The osmotic pressure can be given as:
π = CRT
Where C is the concentration of the solution, R is the gas constant, and T is the temperature.
Calculation:
For the cane sugar solution,
C1 = 5%
M1 = 342 g/mol
Using the formula, we can find the osmotic pressure:
π1 = CRT
π1 = (5/100) * (0.0821) * 300
π1 = 12.315 atm
For the unknown solute solution,
C2 = 1%
M2 = ?
Using the formula, we can find the osmotic pressure:
π2 = CRT
π2 = (1/100) * (0.0821) * 300
π2 = 2.463 atm
Since the two solutions are isotonic,
π1 = π2
12.315 = 2.463(C2/M2)
M2 = (2.463*C2)/π1
M2 = (2.463*1)/12.315
M2 = 0.2
Molar mass of the unknown solute, M2 = 0.2 * 1000 = 200 g/mol
Answer:
Molar mass of the unknown solute, M2 = 200 g/mol, which is close to option (C) 68.4 g/mol.

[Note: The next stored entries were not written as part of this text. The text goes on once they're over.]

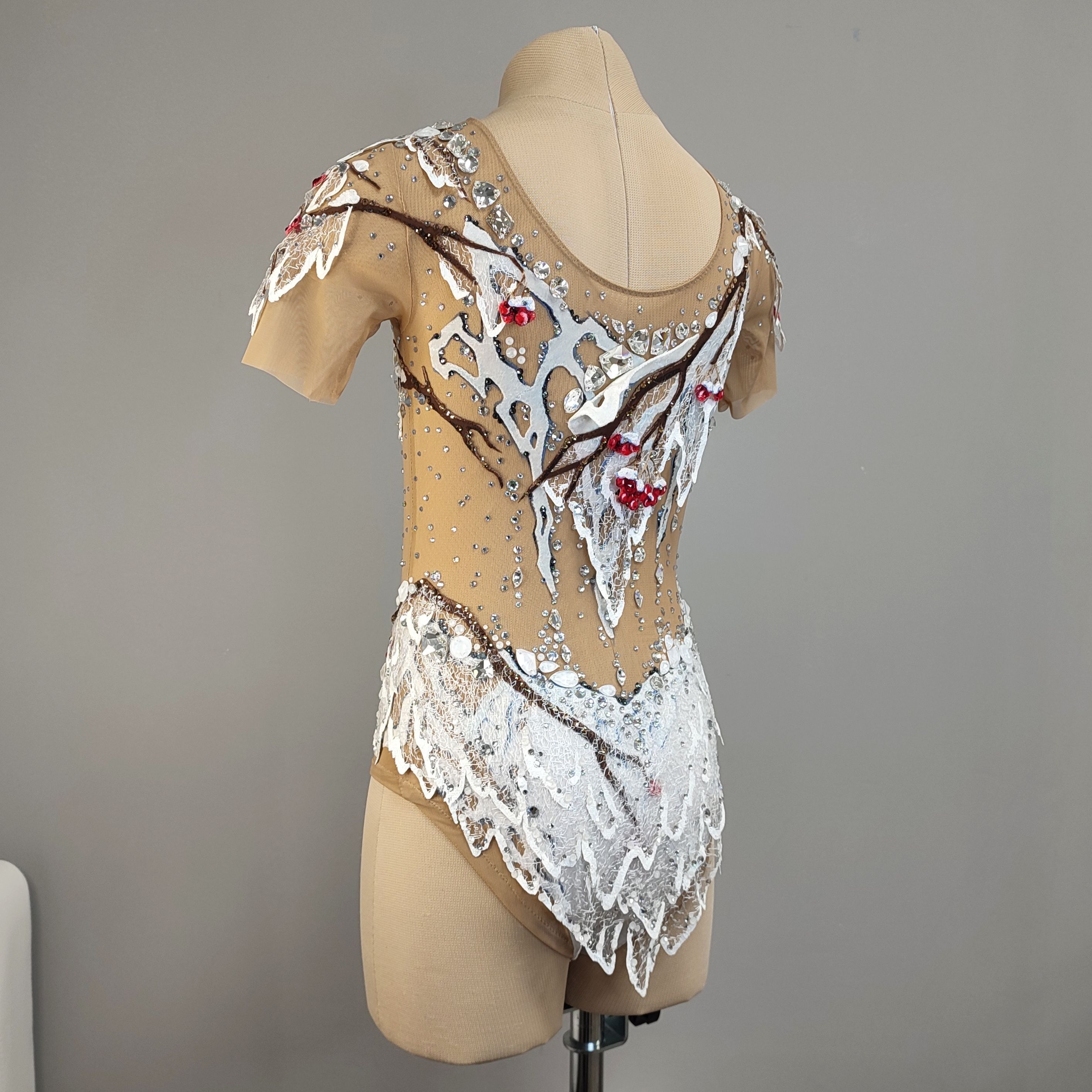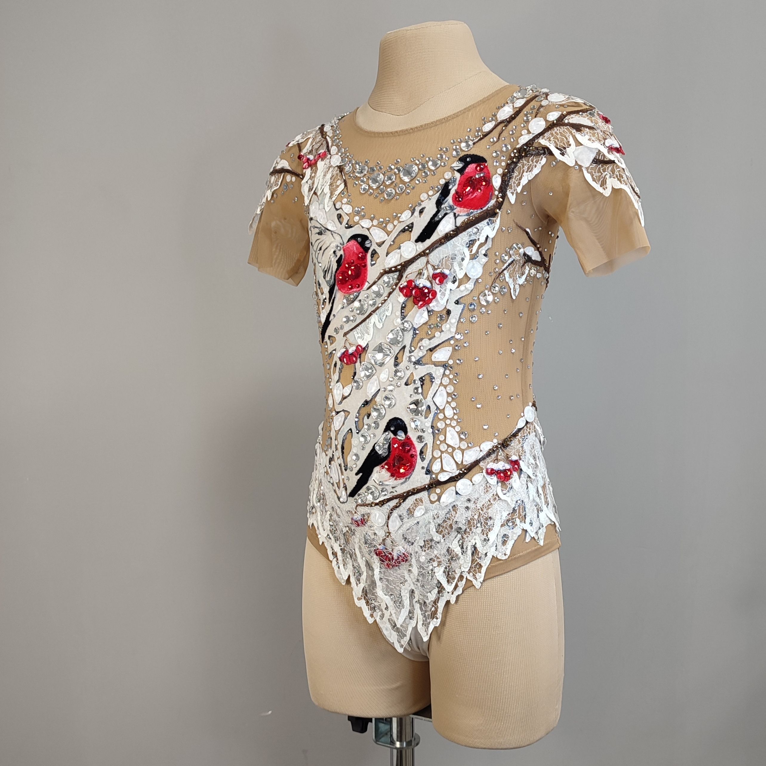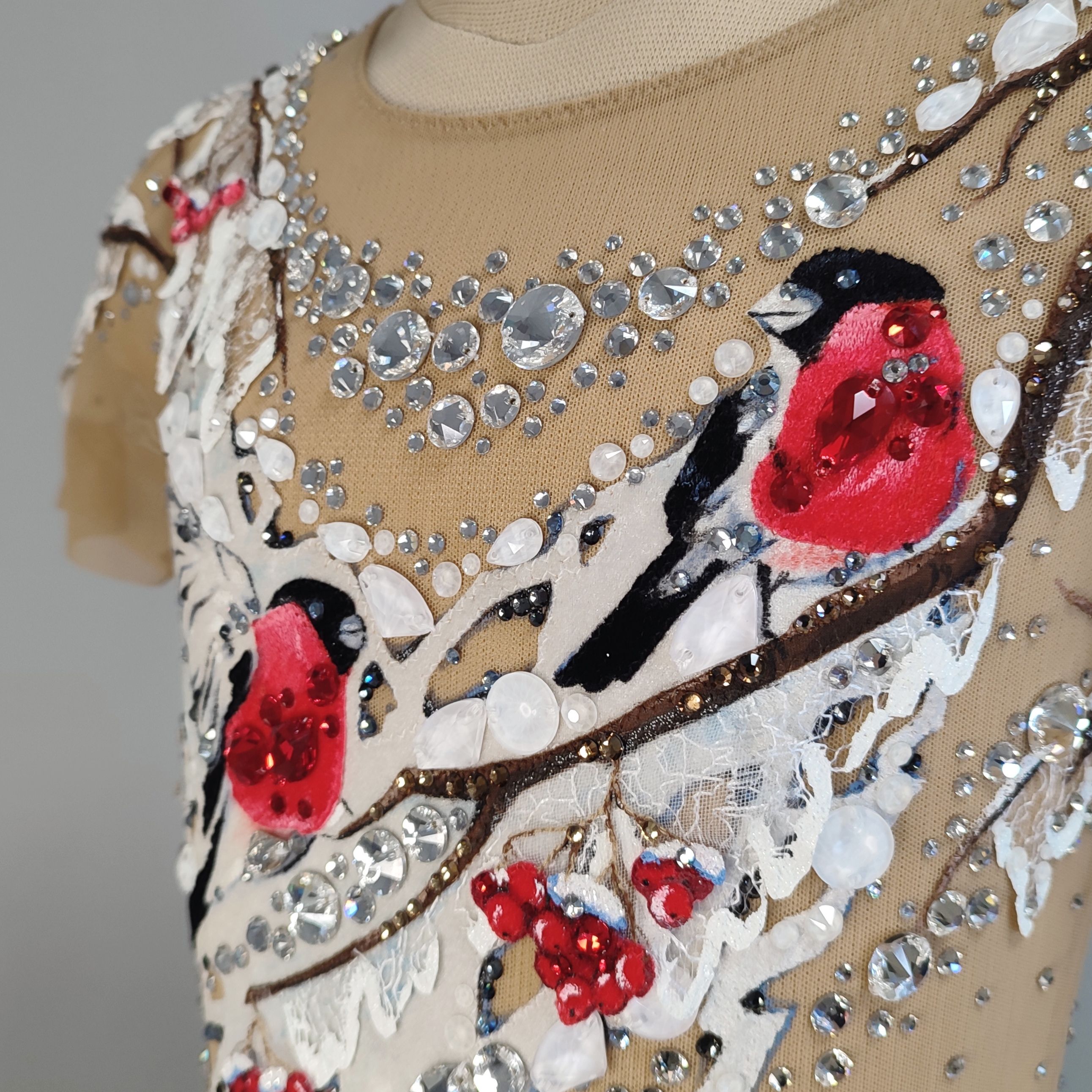 Так и получился этот белоснежный купальник, в центре композиции которого красногрудые птицы. И на каждой грудке вы найдете конкурсные кристаллы.
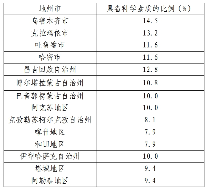 從區(qū)域上看,14個(gè)地州市公民具備科學(xué)素質(zhì)的比例總體呈現(xiàn)穩(wěn)步提升,但各地發(fā)展不平衡的狀況依然存在。
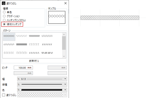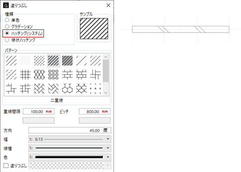 線状塗りにハッチングを表現する場合は、「ハッチング(システム)」をONにします。
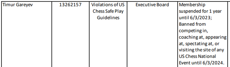 - In June, the US Chess Executive Board imposed sanctions on Gareyev -- suspending his membership for one year and banning him from attending or participating in US Chess National Events for two years. In notifying a complainant about the sanctions, US Chess stated that they considered the matter to be confidential and asked the complainant to "handle this information with the sensitivity it deserves." (Lichess)
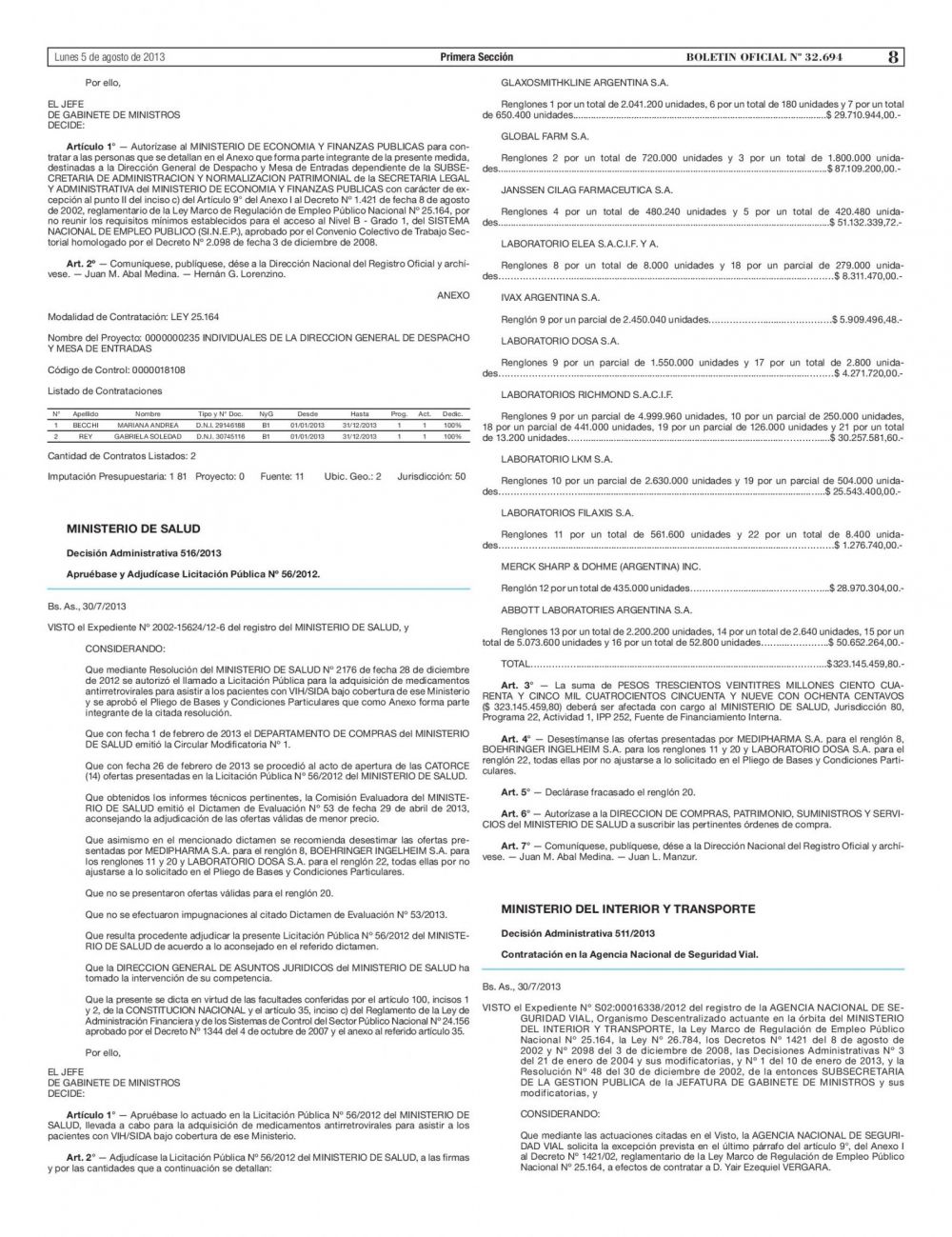 Se trata de diferentes partidas de medicamentos antirretrovirales destinados a pacientes con VIH/SIDA por los que el Estado desembolsará $323.1 millones (u$s 58.53 millones). Ver disposición.

Molar mass of cane sugar, M1 = 342 g/mol
Concentration of cane sugar solution, C1 = 5%
Concentration of the unknown solute solution, C2 = 1%
Temperature, T = 300 K
To find:
Molar mass of the unknown solute, M2
Formula used:
For two solutions to be isotonic, the osmotic pressure should be the same. Mathematically, it can be represented as:
π1 = π2
Where π1 and π2 are the osmotic pressures of solutions 1 and 2, respectively.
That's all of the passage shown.